WHAT TO PRODUCE
Write the records out exactly as they read, but not the pictures.
#### RECORDS FOR PROCESSING ####
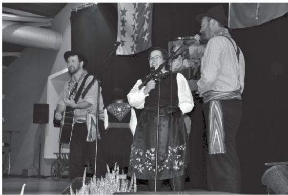
Chant en patois.

Kyèn pliji pó nóoutra sousiétéi dé rechivré sti an 2016 nó j-ami dou patoué kyé venyon dé tui é couën é é caró dou Vaoui ! Nó oudran kyé tsecoun poouéché partadjyé sté cakyé j-ouré ën téré chavyejan.né avouéi bonöö é amitchyé, ën méclin é voué joyoujé dé nó presyou patoué. Vou' éité tóte é tui é byin.enou !
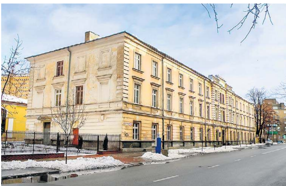
Ulica Koszykowa 82 w Warszawie. Tu w latach 1946-1950 mieścił się Wojskowy Sąd Rejonowy. Wydano w nim 878 wyroków, 328 wykonano
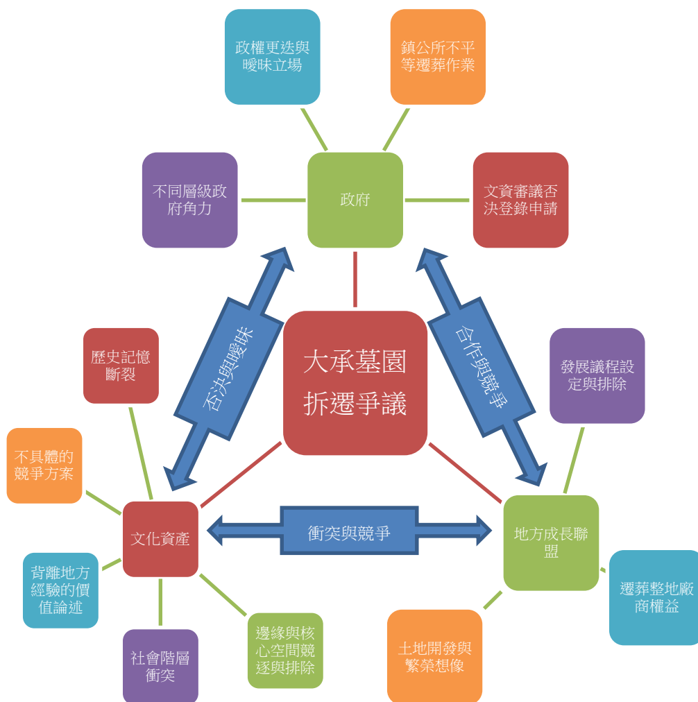
圖 1 大承墓園保存爭議圖
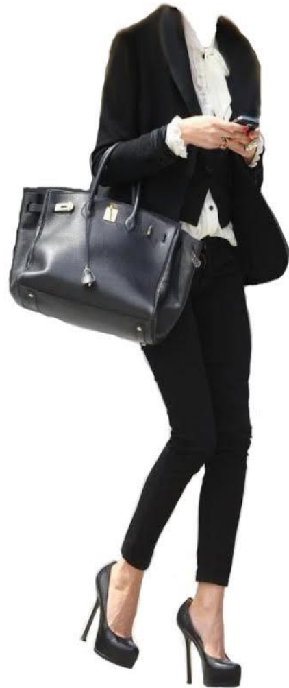
Figur 8 2010-talet 2

Kläder: På första bilden bär kvinnan en kostym som består av en beige, knälång kjol och kavaj. Formen på både kjolen och kavajen är ganska simpel, den framhäver inte direkt former men sitter ändå bra. Kavajen är knäppt enda till halsen. På bild nummer två har kvinnan en mer ledig utstyrsel, hon bär svarta jeans, en svart kavaj och en pryddlig vit skjortblus. Om man tittar väldigt noga på bilden kan man urskilja att hon också bär en svart under kavajen. Jeansen är spända men kavajen sitter lösare och är öppen, vilket gör hela utstyrseln mera intressant för att hennes skjorta och väst syns. Skjortan har volanger både på bröstet men också armarna.
####
SOLUTION FOR THIS PROBLEM
Chant en patois.

Kyèn pliji pó nóoutra sousiétéi dé rechivré sti an 2016 nó j-ami dou patoué kyé venyon dé tui é couën é é caró dou Vaoui ! Nó oudran kyé tsecoun poouéché partadjyé sté cakyé j-ouré ën téré chavyejan.né avouéi bonöö é amitchyé, ën méclin é voué joyoujé dé nó presyou patoué. Vou' éité tóte é tui é byin.enou !
Ulica Koszykowa 82 w Warszawie. Tu w latach 1946-1950 mieścił się Wojskowy Sąd Rejonowy. Wydano w nim 878 wyroków, 328 wykonano
圖 1 大承墓園保存爭議圖
Figur 8 2010-talet 2

Kläder: På första bilden bär kvinnan en kostym som består av en beige, knälång kjol och kavaj. Formen på både kjolen och kavajen är ganska simpel, den framhäver inte direkt former men sitter ändå bra. Kavajen är knäppt enda till halsen. På bild nummer två har kvinnan en mer ledig utstyrsel, hon bär svarta jeans, en svart kavaj och en pryddlig vit skjortblus. Om man tittar väldigt noga på bilden kan man urskilja att hon också bär en svart under kavajen. Jeansen är spända men kavajen sitter lösare och är öppen, vilket gör hela utstyrseln mera intressant för att hennes skjorta och väst syns. Skjortan har volanger både på bröstet men också armarna.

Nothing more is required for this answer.